# Water Lettuce yellowing and rotting



## Opare (Sep 9, 2015)

How much fertiliser are you giving? I would suspect a deficiency of nutrients is the issue. Photos are not working for me BTW.


Sent from my iPhone using Tapatalk


----------



## Preetam (Jan 19, 2017)

Water lettuce needs direct sunlight, or very bright lighting. The most likely cause is that its not getting enough light.


----------



## icemanX (Jul 29, 2016)

Sorry, didn't realize the image links were broken, now fixed.

But when I put some of them on the roof to get direct sunlight in buckets, all of them died.

I live in a tropical area by the way, and it gets hot.

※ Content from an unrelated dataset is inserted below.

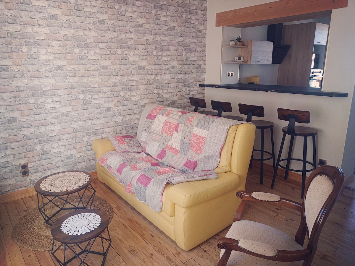 Este alojamiento familiar está cerca de todos los servicios ( estación de tren y tiendas) Completamente reformada, esta encantadora casa es cálida. Cuenta con una amplia sala de estar con aire acondicionado con sofá cama para 5.ª y 6.ª persona, 2 dormitorios, un baño y un aseo separado. En el exterior, un pequeño patio para momentos de relajación. La ropa de cama y las toallas están incluidas en el alquiler. Es posible contratar un paquete de limpieza (30 €).
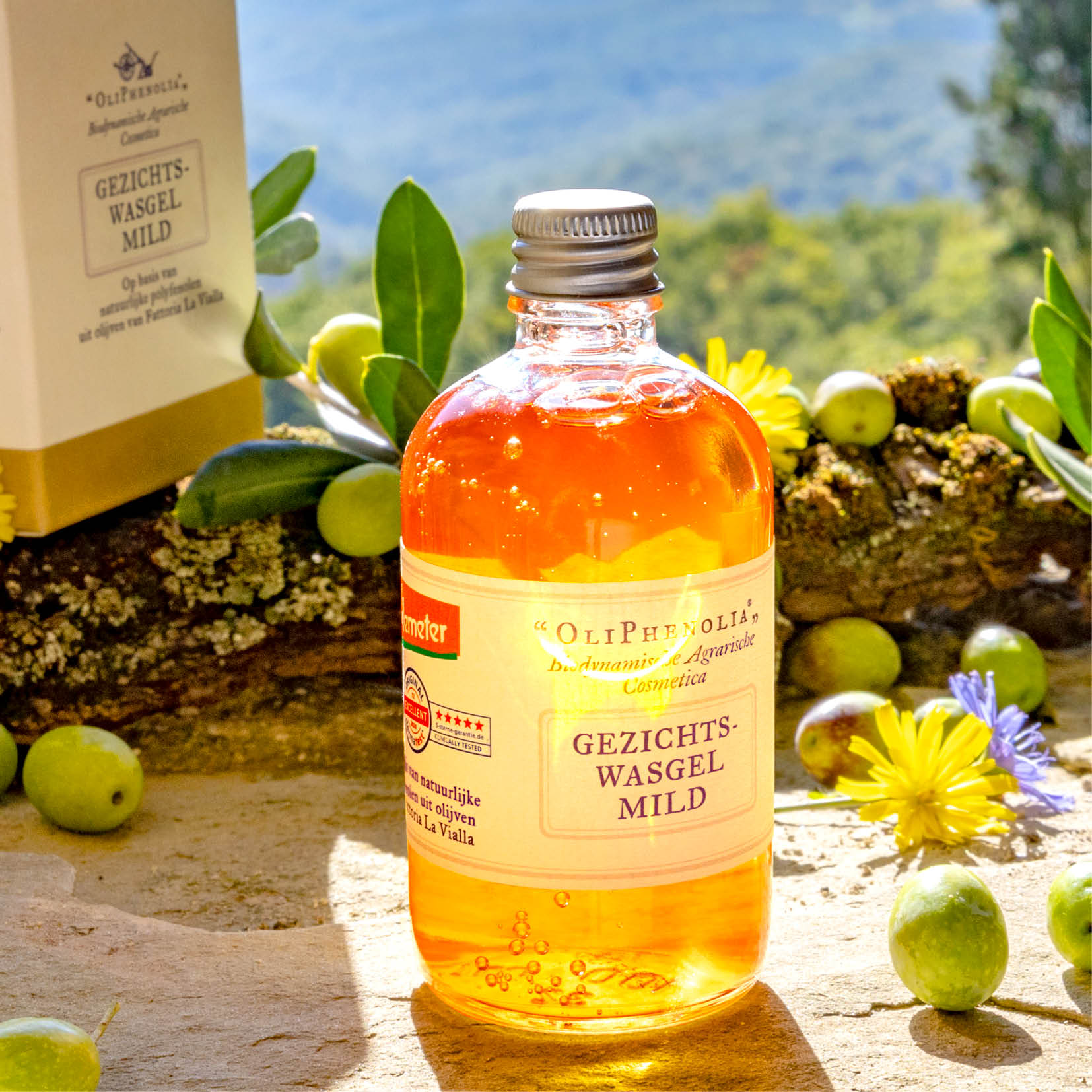 Voor de dagelijkse reiniging van het gezicht is het belangrijk om de huid niet te belasten of uit te drogen, maar zachtjes te ontdoen van microstoffen, make-up - ook van de ogen -, bacteriën en alle onzuiverheden. De milde wasgel is rijk aan ultrazuiver water en heeft een lagere concentratie OliPhenolia dan de intensieve wasgel. De gel heeft een pH-waarde die gelijk is aan die van de huid. Hij is geschikt voor de reiniging van elk huidtype dankzij het antibacteriele effect van de polyfenolen van OliPhenolia. Deze hebben een antioxidant, ontstekingsremmend1 en kalmerend effect op de epitheelcellen (en bevorderen zo een uniforme teint).

I tried pumping quite a lot of fertilizer in the tanks, a few pumps a day of the liquid fertilizer. I also tried putting some in a shallow bucket filled with organic potting soil, next to the pond. Nothing worked


----------



## Preetam (Jan 19, 2017)

Do you have hard water? what is the water temperature? Did you give the plants a PP dip before introducing them?


----------



## icemanX (Jul 29, 2016)

Preetam said:


> Do you have hard water? what is the water temperature? Did you give the plants a PP dip before introducing them?


Yes I think I have hard water. Water temperature in the pond is around 27C, tanks around 28-30C.
No, and this is the first time I've heard of PP dips, what are they for? I just threw the plants straight in the pond.


----------